Supplied information
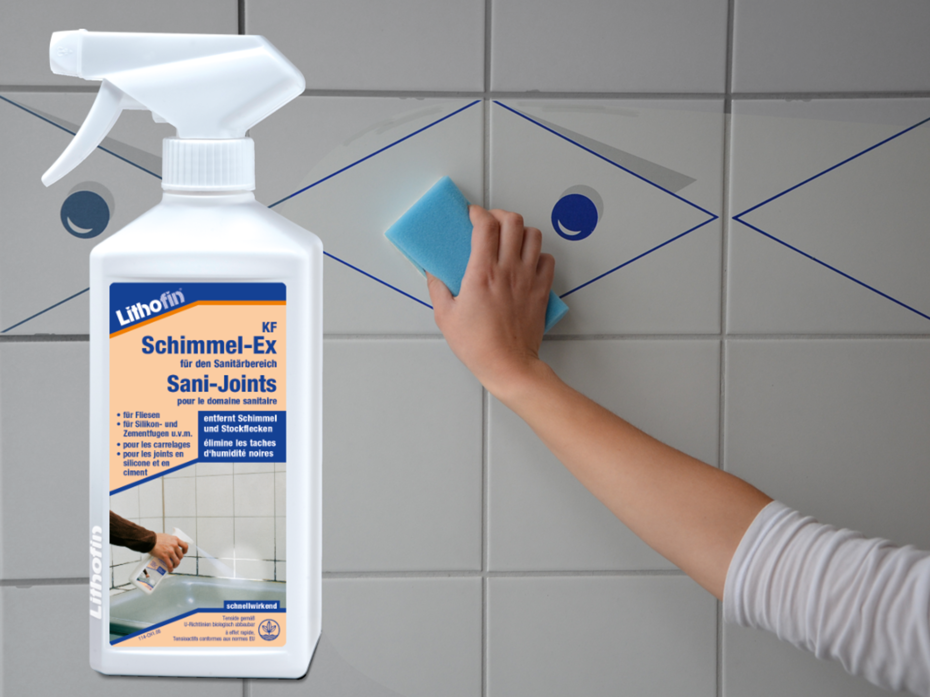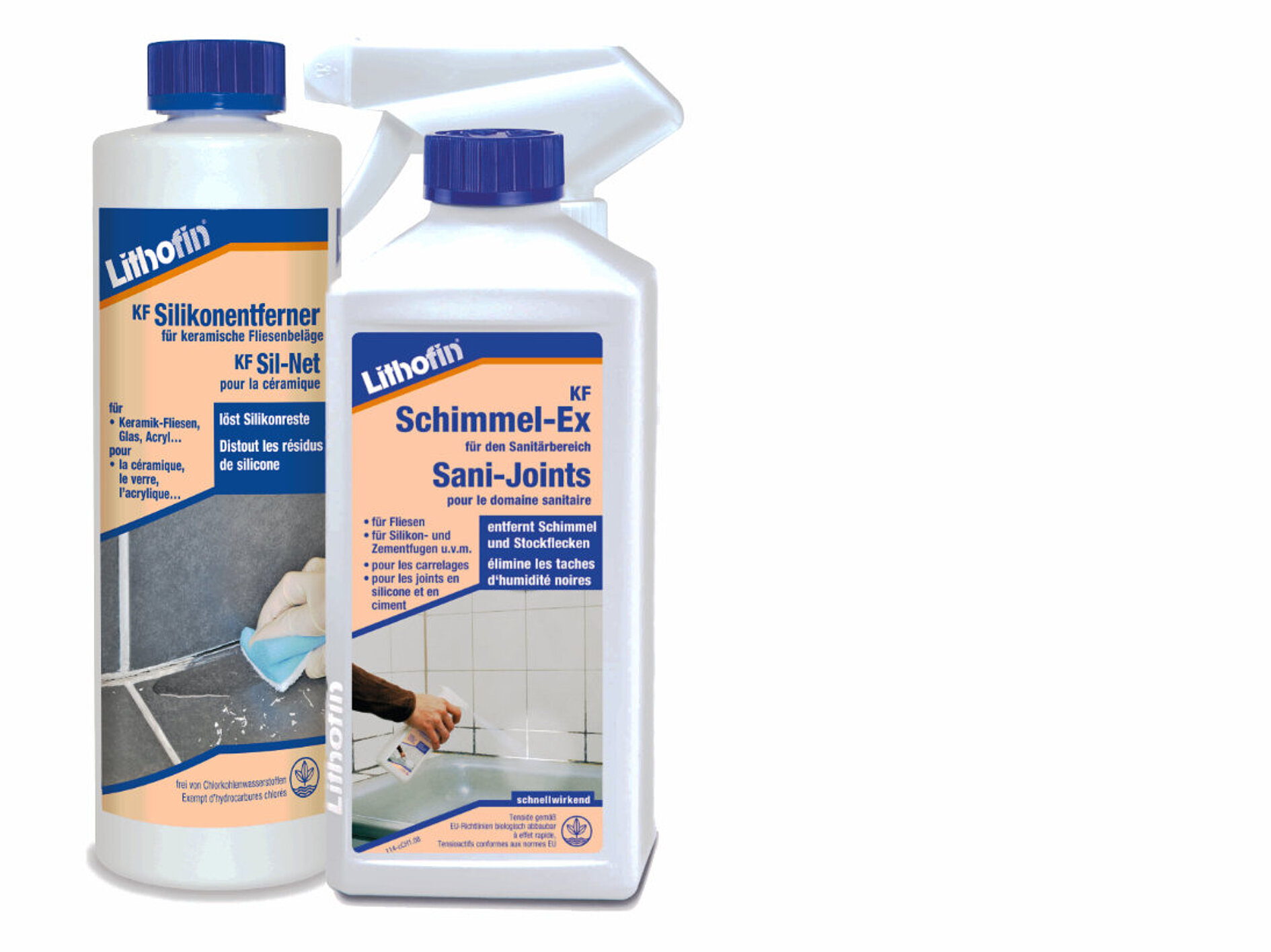 Sie möchten sicher sein, dass Sie Schimmel von Silikonfugen zuverlässig entfernen? Ist der Befall so stark, dass Sie selbst die Fugen entfernen müssen? Dann haben wir für Sie genau das Richtige: das neue Lithofin Reiniger-Set zum Entfernen von Schimmel von Silikonfugen zum vollständigen Entfernen von Silikonfugenresten und dem zuverlässigen Beseitigen von Schimmelsporen auf Ihren wasserbeständigen Oberflächen.
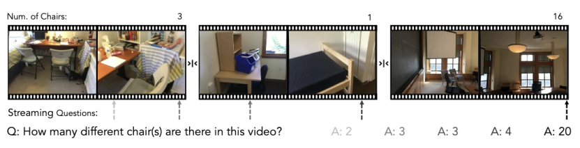 而许多被标榜为“空间推理”的任务,实际上可以通过文本捷径绕过视觉理解来完成。例如,在 VideoMME 基准的所谓空间推理子类别中,一个关于月球撞击地球的问题,本质上只需要物理常识而非视觉空间理解;另一个关于宇航员装备的问题,更像是在考察模型对 NASA 相关文本知识的记忆。为了弥补这一评测空白,团队构建了 VSI-SUPER 基准测试,“VSI”代表视觉-空间智能(Visual-Spatial Intelligence)。这个基准包含两个子任务:VSR(Visual Spatial Recall,长时域视觉空间回忆)和 VSC(Visual Spatial Counting,持续视觉空间计数)。两个任务都使用长达数小时的视频内容,要求模型不仅要“看见”,还要“记住”并“理解”空间中物体的变化。
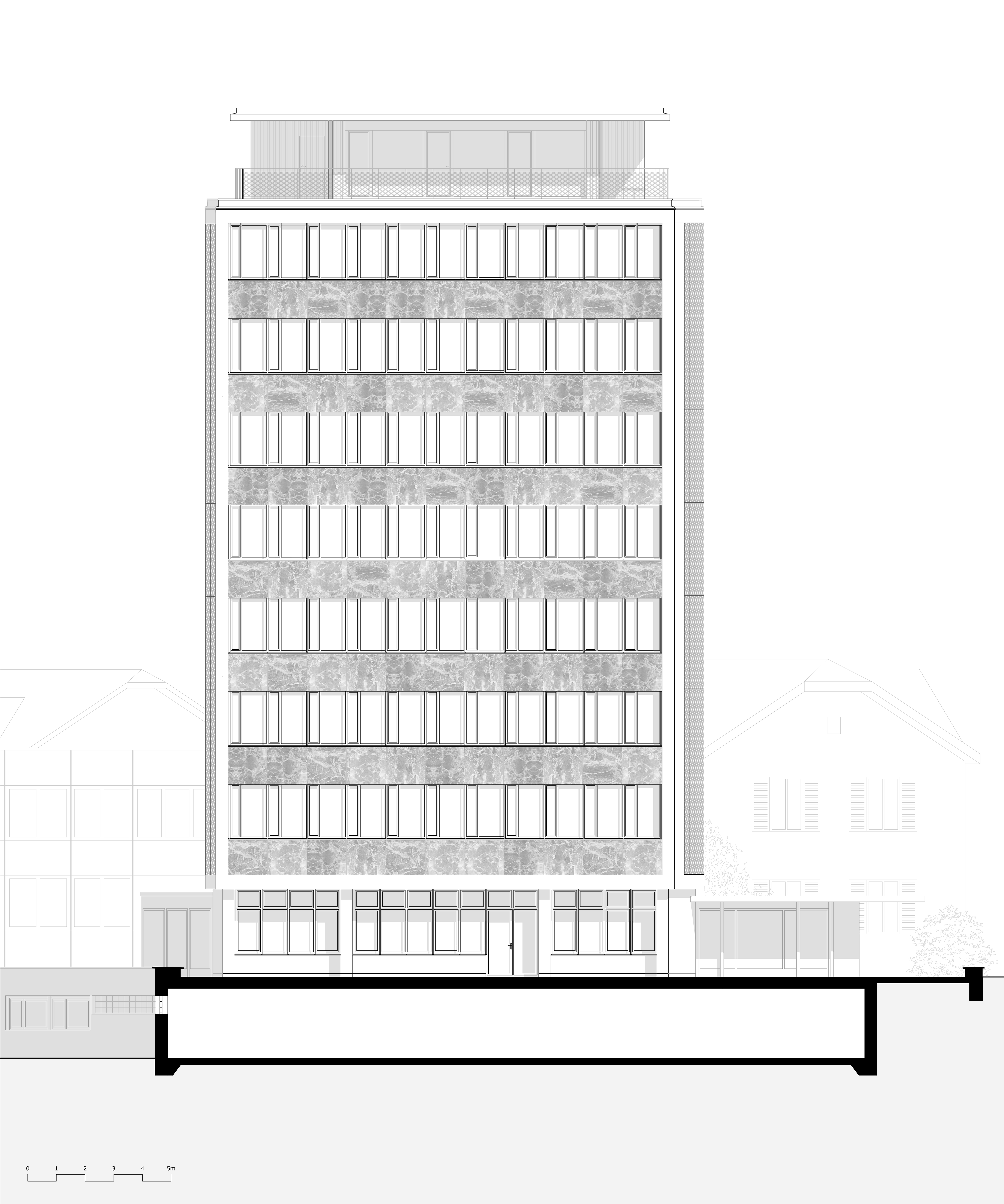 Die klare Formensprache, der gläserne Erschliessungskern und der Mantel aus wertigem Naturstein verleiht dem Gebäude eine sinnliche Ordnung. Das wohlproportionierte Hochhaus wirkt auf den Betrachtenden ansprechend und schafft einen identitätsstiftenden Ort. Die dem Gebäude zugeführt Nutzung ermöglicht eine aktives erleben der Innenräume und der dazugehörigen Terrasse. Somit bleibt die ästhetische Wertschätzung erhalten und durch das öffentliche Café wir das Gebäude nahbar und zugänglich.

Work required
Write out, exactly and only, the lines from the one containing "NASA 相关文本知识的记忆。为了弥补这一评测空白,团队构建了 VSI-SUPER" through the last line of the material above. Pictures do not go in the copy.

Finished task
 而许多被标榜为“空间推理”的任务,实际上可以通过文本捷径绕过视觉理解来完成。例如,在 VideoMME 基准的所谓空间推理子类别中,一个关于月球撞击地球的问题,本质上只需要物理常识而非视觉空间理解;另一个关于宇航员装备的问题,更像是在考察模型对 NASA 相关文本知识的记忆。为了弥补这一评测空白,团队构建了 VSI-SUPER 基准测试,“VSI”代表视觉-空间智能(Visual-Spatial Intelligence)。这个基准包含两个子任务:VSR(Visual Spatial Recall,长时域视觉空间回忆)和 VSC(Visual Spatial Counting,持续视觉空间计数)。两个任务都使用长达数小时的视频内容,要求模型不仅要“看见”,还要“记住”并“理解”空间中物体的变化。
 Die klare Formensprache, der gläserne Erschliessungskern und der Mantel aus wertigem Naturstein verleiht dem Gebäude eine sinnliche Ordnung. Das wohlproportionierte Hochhaus wirkt auf den Betrachtenden ansprechend und schafft einen identitätsstiftenden Ort. Die dem Gebäude zugeführt Nutzung ermöglicht eine aktives erleben der Innenräume und der dazugehörigen Terrasse. Somit bleibt die ästhetische Wertschätzung erhalten und durch das öffentliche Café wir das Gebäude nahbar und zugänglich.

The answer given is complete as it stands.